Senate Democrats and President Obama are standing by their man, confidently maintaining that Geithner's sins are minor, especially when compared to the "gravity" of the economic crisis the new Treasury secretary will be facing. But there's going to be more to talk about than taxes next week. The nonprofit news organization ProPublica has waded into the fray with a much more serious charge; former New York Times reporter Jeff Gerth (infamous in some circles for his coverage of the Whitewater scandal and Wen Ho Lee) all but accuses Geithner of colluding with Citigroup to ease regulatory scrutiny of the superbank.

Gerth's story is a bit short on on smoking guns, but should be taken seriously. As president of the New York Fed, Geithner was Citigroup's primary supervisor. During his tenure, Citigroup made a bunch of bad decisions that laid the groundwork for the company's current woes. Q.E.D.: Geithner could have done better. Gerth also digs up two instances in which the Fed loosened regulatory oversight of Citigroup while Geithner was in charge.

One enforcement agreement in place before Geithner took office in 2003 -- an order requiring quarterly risk reports -- was lifted during his watch. A ban on major acquisitions also was eliminated a year after it had been imposed in 2005.

I look forward to hearing Geithner's explanation of why the Fed eased up on Citigroup when he finally appears before the Senate Banking and Finance Committee. The nitty-gritty of how regulators attempted to watch over Wall Street is far more relevant to Geithner's competence than his housekeeper's immigration status. But Gerth spends much more of his article documenting how Citigroup maintained a "thinner capital cushion" than its peers -- even as Geithner was making numerous public statements to the effect that the biggest financial institutions should be increasing the percentage of capital they put aside to protect against possible losses. Yet not one "enforcement action" was initiated against Citigroup during Geithner's tenure.

I do think it's worth noting that Geithner stood out among the regulatory community during the Bush era as one of a handful of officials who routinely called out for higher capital requirements. But the basic point is valid: What good is talking the talk when you don't go ahead and enforce them on the biggest bank of all -- Citigroup?

My main problem with Gerth's piece is his implication that Geithner was somehow being hypocritical when he called for "building stronger capital margins," and yet, as the financial crisis accelerated in mid-2008, declared that it would be better to wait until the economic crisis stabilized before actually forcing banks to do so:

Speaking at a conference in New York in June, Geithner discussed the role of regulators in reducing risk or building capital, especially at major firms. He didn't mention Citigroup; regulators avoid talking about specific institutions.
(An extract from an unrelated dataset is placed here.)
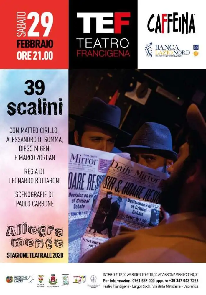 Nell’ambito della terza edizione della rassegna Francigena Live Festival, Sabato 29 Febbraio 2020 dalle ore 21.00, presso il Teatro Francigena di Capranica, “39 scalini”
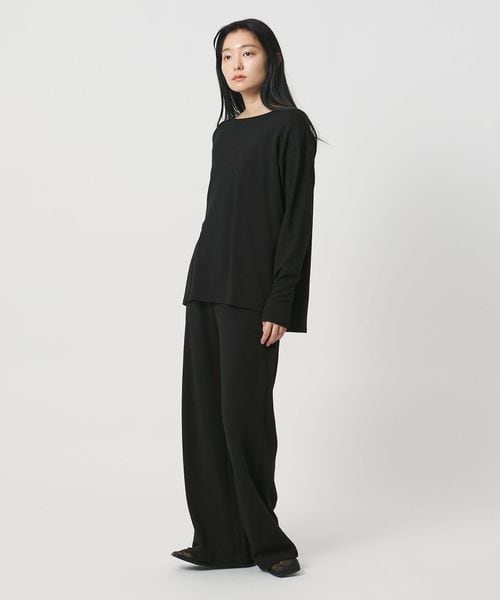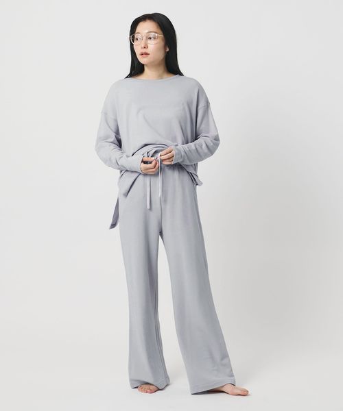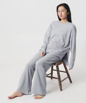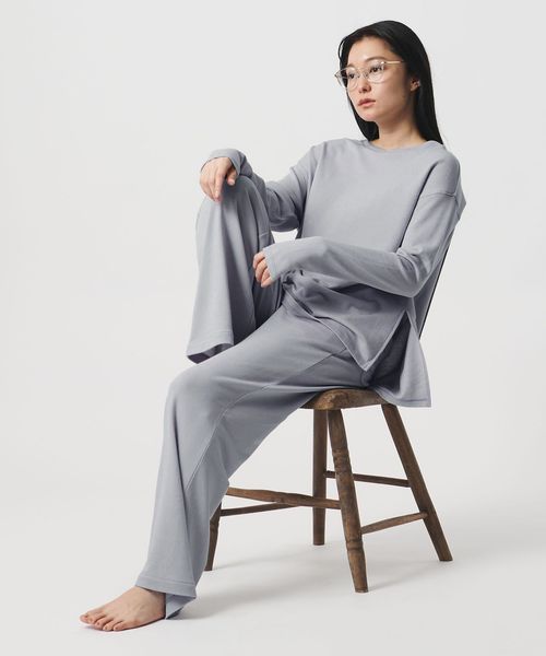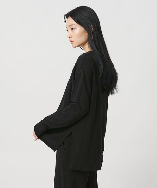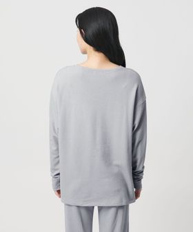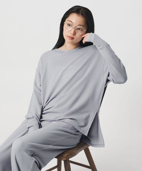 裏毛素材に軽い透け感を持たせ、柔らかな表情に仕上げたトップス。

It wasn't "realistic" to "expect supervisors to act preemptively to defuse pockets of risk and leverage," he said, but they could make the "shock absorbers stronger."

That meant "inducing institutions to hold stronger cushions of capital and liquidity in periods of calm."

But mid-2008 was not the time.

"After we get through this crisis and the process of stabilization and financial repair is complete," Geithner said, "we will put in place more exacting expectations on capital, liquidity and risk management for the largest institutions."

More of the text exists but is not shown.